## QBUS3850 Lab 3 – ARIMA Models

The AutoRegressive Integrated Moving Average (ARIMA) model, which consist 3 major components:
- The AR part of ARIMA indicates that the evolving variable of interest 𝑦' is regressed on its own lagged (i.e., prior $y_{t-1:t-p}$) values.
- The MA part indicates that the error is actually a linear combination of error terms $\epsilon_{t-1:t-q}$ whose values occurred contemporaneously and at various times in the past.
- The I (for "integrated") indicates that the data values have been replaced with the difference between their values and the previous values (and this differencing process may have been performed more than once) so that the ARIMA could handle the non-stationary data. (Note that the AR, MA and ARMA model are still require a weakly stationary data as input)

The purpose of each of these features is to make the model fit the data as well as possible. 

In this week, we mainly focus on the implementation of AR model. Mathematically, an AR model of order $p$ is defined as:

$$y_{t} = c + \phi_{1}y_{t-1} + \phi_{2}y_{t-2} + \phi_{3}y_{t-3} \dots \phi_{p}y_{t-p} + \epsilon_{t}$$

$$ y_{t} = c + \sum_{i = 1}^{p} \phi_{i}y_{t-i} + \epsilon_{t}$$

where c is a constant value, $\phi_{1} \dots \phi_{p}$ are the parameters for the model, and $\epsilon_{t}$ is white noise.

This can be equivalent to the backshift representation with the operator $L$ as:

$$ y_{t} = c + \sum_{i = 1}^{p} \phi_{i}L^{i}y_{t} + \epsilon_{t}$$

So that moving the summation term to the left side and using polynomial notation, we have:

$$ \epsilon_{t} = y_{t} - \sum_{i = 1}^{p} \phi_{i}L^{i}y_{t} - c$$

$$ \epsilon_{t} = (1 - \sum_{i = 1}^{p} \phi_{i}L^{i})(y_{t} - \mu)$$

Where $\mu = c/(1 − \sum_j \phi_{j})$.

An AR model can thus be viewed as the output of a filter which input is white noise.

However, for an AR(p) model, some parameter constraints are necessary for the model to ensure weakly stationary.
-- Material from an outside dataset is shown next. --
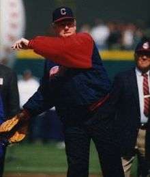 During his tenure as President of the Cleveland Indians baseball team, Peter Bavasi asked players how the team's uniforms should look.[7] Bavasi has described Joe Carter and Pat Tabler suggesting that Chief Wahoo be added to the hats, with Tabler predicting that it would "sell like crazy".[7] Bavasi recalls expressing concern that it would offend Native American groups, but that player Bert Blyleven reassured him, "Nah, it shouldn't. Really looks like [manager] Phil Seghi."[7] Blyleven made a similar remark to Sports Illustrated, and the magazine described the resemblance as "uncanny".[13] Tabler's prediction was ultimately borne out, with hat sales increasing significantly after the reintroduction of Chief Wahoo.[14] The revised hat design has been described as a change "in keeping with Major League Baseball's trend toward 'old-style' simulacra."[15]

More specifically, processes in the AR(1) model with only $| \phi_{1} < 1 |$ could be viewed as __weakly stationary__.

__Question__: Check whether the process $Y_t=0.3Y_{t-1}+0.04Y_{t-2}+\epsilon_t$ is stationary?

- Solution: Solve the polynomial $1-0.3L-0.04L^2=0$ for $L$ as if $L$ were a number. By the quadratic formula the roots are

$$\begin{aligned}\frac{0.3\pm\sqrt{0.3^2+4\times 0.04\times1}}{2\times 0.04}\\\frac{0.3\pm\sqrt{0.25}}{0.08}\\\frac{0.3\pm 0.5}{0.08}\end{aligned}$$

The roots are 10 and -2.5. Both lie outside the unit circle.

For AR(2) model it can be shown that stationarity holds under the following constraints in general:

$$|\phi_{2}| < 1, \phi_{1} + \phi_{2} < 1 \text{ and } \phi_{1} - \phi_{2} < 1$$


Selecting a suitable order value p can be tricky. We need to observe the PACF curve to find out the cutting off value as the order for our AR model. The partial autocorrelation of an AR(p) process equates zero at lag which is
bigger than order of p and provide a good model for the correlation in $y_{1:p+1}$, so the appropriate maximum lag is the one beyond which the partial autocorrelations are all zero.

In [None]:
import matplotlib.pyplot as plt
import statsmodels as sm 
import statsmodels.api as smt
import numpy as np
import pandas as pd


## 1. AR(1) Process

In [None]:
# Setting up the random generator 
np.random.seed(0x123abc)

# Y_t = 0.7 * Y_{t-1} + e_t          
arparams = np.array([0.7])
zero_lag = np.array([1])

ar = np.r_[1, -arparams]  # add zero-lag (coefficient 1) and negate
c = 0
sigma2 = 1
 
# TODO: generate 2000 samples from the arma model in tsa library, and visualise it

In [None]:
# Examine the ACF and PACF plots
lags = 30
alpha = 0.05

# TODO: plot acf and pacf using smt.graphics

In [None]:
# Pandas can also produce ACF (but not PACF)
from pandas.plotting import autocorrelation_plot

# TODO: plot acf using pandas

In [None]:
# Calculate Mean 
# Since c = 0 then this result will be 0 anyway
y_uncond_mean = c / (1 - arparams[0])
print(y_uncond_mean)

diff_y = pd.Series.diff(pd.Series(y)).dropna()

sample_mean = np.mean(y)
print(sample_mean)

In [None]:
# Calculate Variance
# arma_generate_sample uses np.random.randn to generate epsilon
# We know then that by default 
# var(epsilon) = 1 (or sigma^2 = 1)
# mean(epsilon) = 0

y_uncond_var = sigma2 / (1 - np.power(arparams[0],2))
print(y_uncond_var)

sample_var = np.var(y)
print(sample_var)


## 2. Fit AR(1) to synthesized data

Now let’s try and fit a model to these samples and compare the parameters.

In [None]:
## y was generated from the process Y_t = 0.7 * Y_{t-1} + e_t  

# TODO: fit a ARMA model via sm.tsa.arima_model.ARMA

#### Question:
 - What does trend='nc' mean?
 - Can you interpret the result of trend='c'?

In [None]:
forecast = fit1.predict( start=0, end=len(y) + 10 )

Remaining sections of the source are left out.